First came CryptoKitties, now comes EtherGoo. EtherGoo is a game that, like Cryptokitties, runs on the Ethereum blockchain.


 
Even though EtherGoo only launched this week, DappRadar reports it's already more popular than Cryptokitties in daily active users, as cited by Charles Weiler-Ulin.

Unlike CryptoKitties, which is about collecting/trading cute digital kitties, EtherGoo is an “idle game," which means you mainly click and do little else to earn in-game rewards — in this case, goo.
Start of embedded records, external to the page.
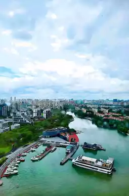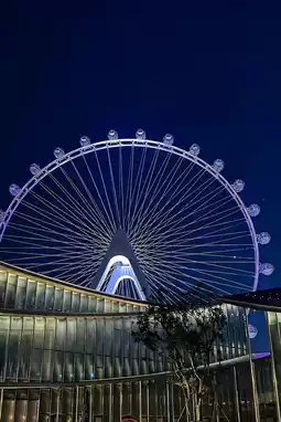 1⃣ Facilities: Standing 128 meters tall as "Asia's largest water Ferris wheel," it features space capsule designs offering 360-degree panoramic views of Jinji Lake. Equipped with 28 panoramic glass-walled capsules (25 people per capsule, ~28 minutes per rotation), each maintains a constant 26°C temperature. Six themed capsules (e.g., conference room, bar, couples' cabin) cater to business and social needs. The base features an LED light system synchronized with Jinji Lake's musical fountain.
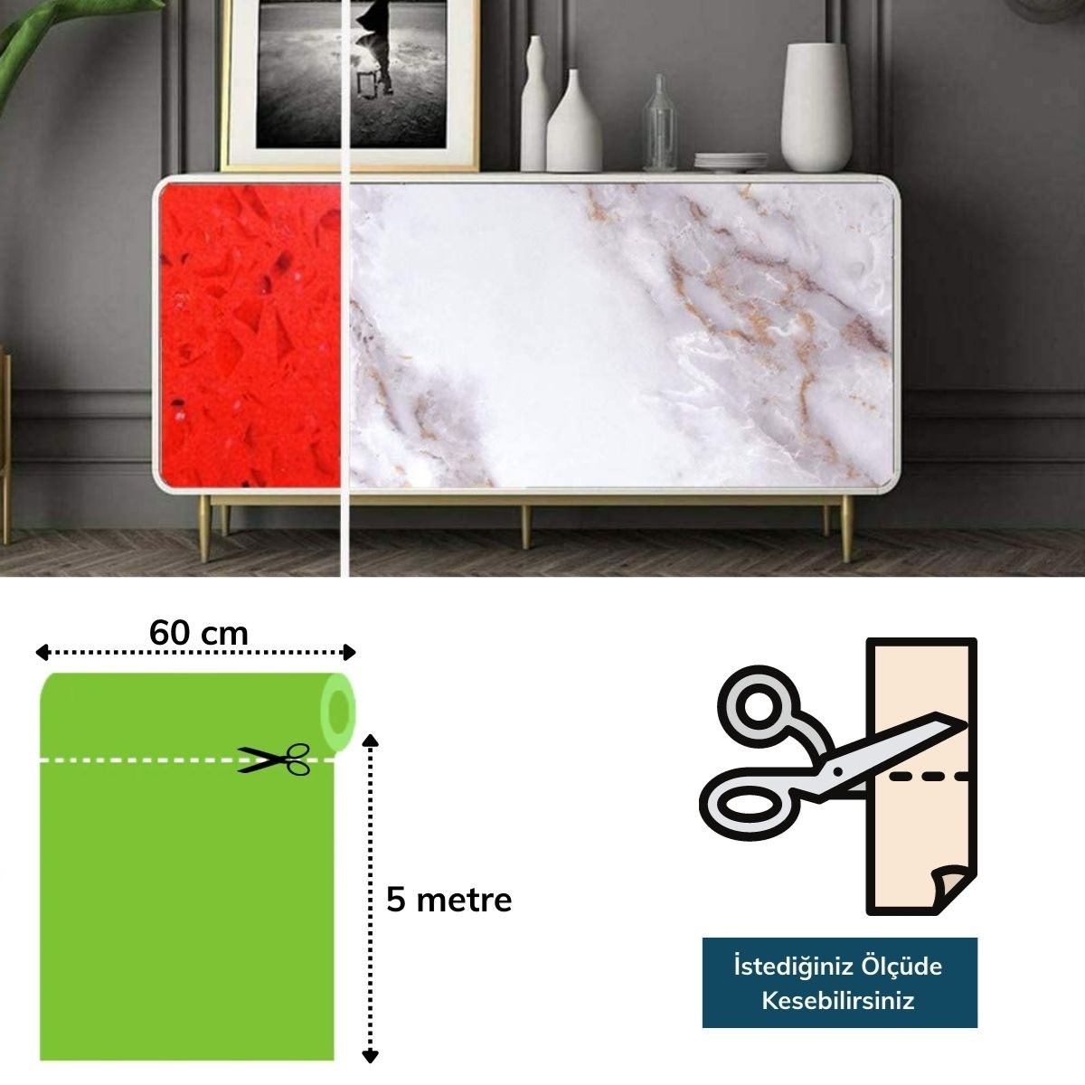 1 adet x Mermer Desenli Masa Tezgah Mutfak Duvar Kağıdı Su Geçirmez Yapışkanlı Folyo Sticker 60cm*5mt
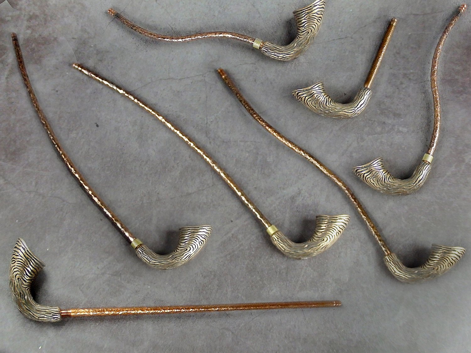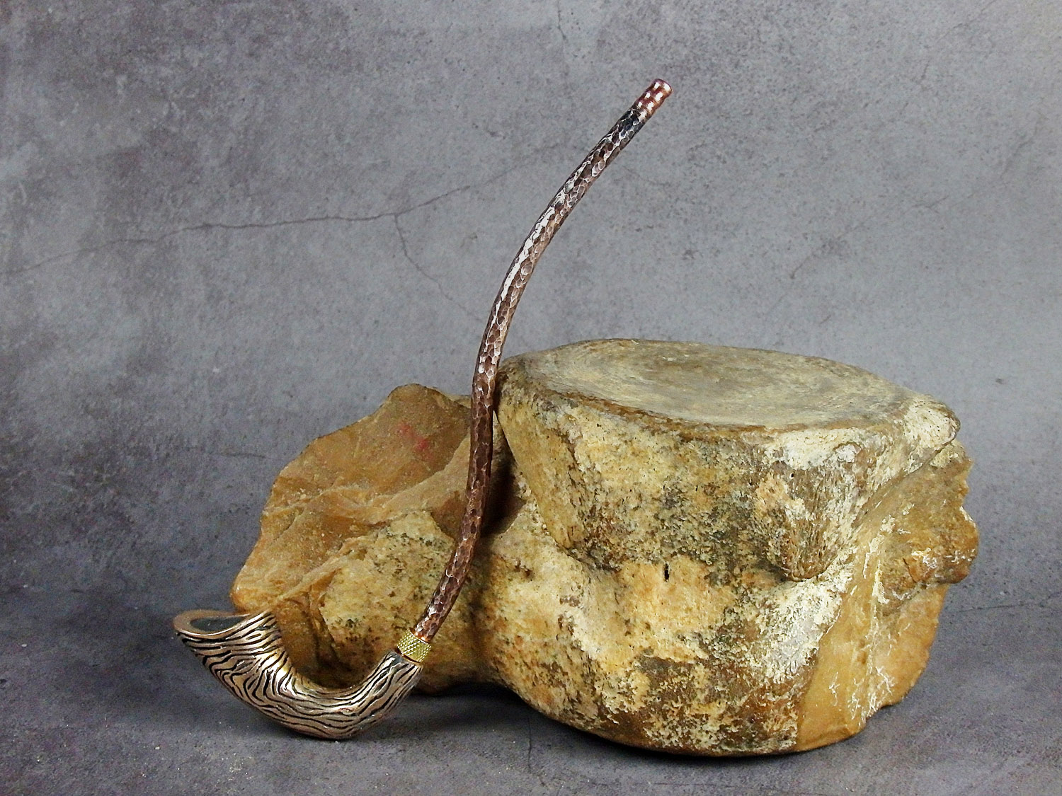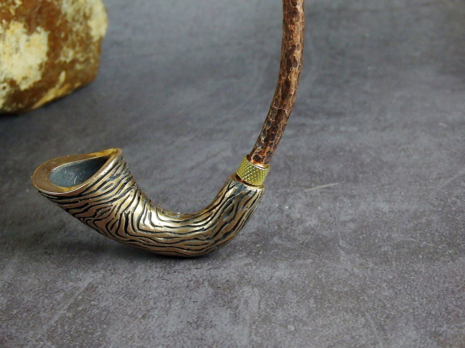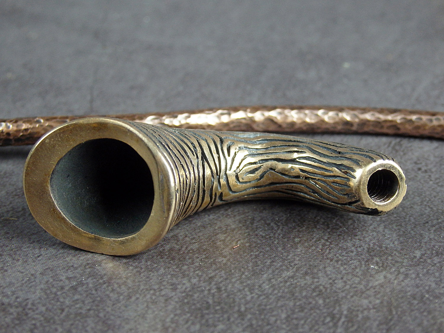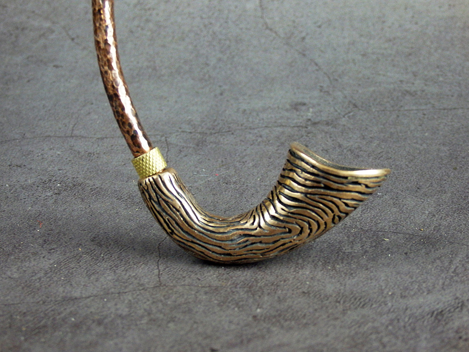 Churchwarden bronze pipe unusual curved shape. The mouthpiece is made of copper, it is screwed on, can have a length (from 5 to 30 cm) and a shape at the request of the buyer. The pipe is working, not decorative, the model is tested by the master.

EtherGoo is reported to be "the first competitive idle game" and "the first Ethereum based idle game."

In EtherGoo — if we understand it correctly — you click to buy characters like Intern Kitties, Graduate Gerbils, and Lab Rats. And you can steal goo from other characters and produce/stockpile your own.

The game was created by a pseudonymous programmer called MrBlobby. Given that the team behind CryptoKitties raised $12M from Union Square Ventures and Andreessen Horowitz recently, is MrBlobby the next recipient of an 8-digit check?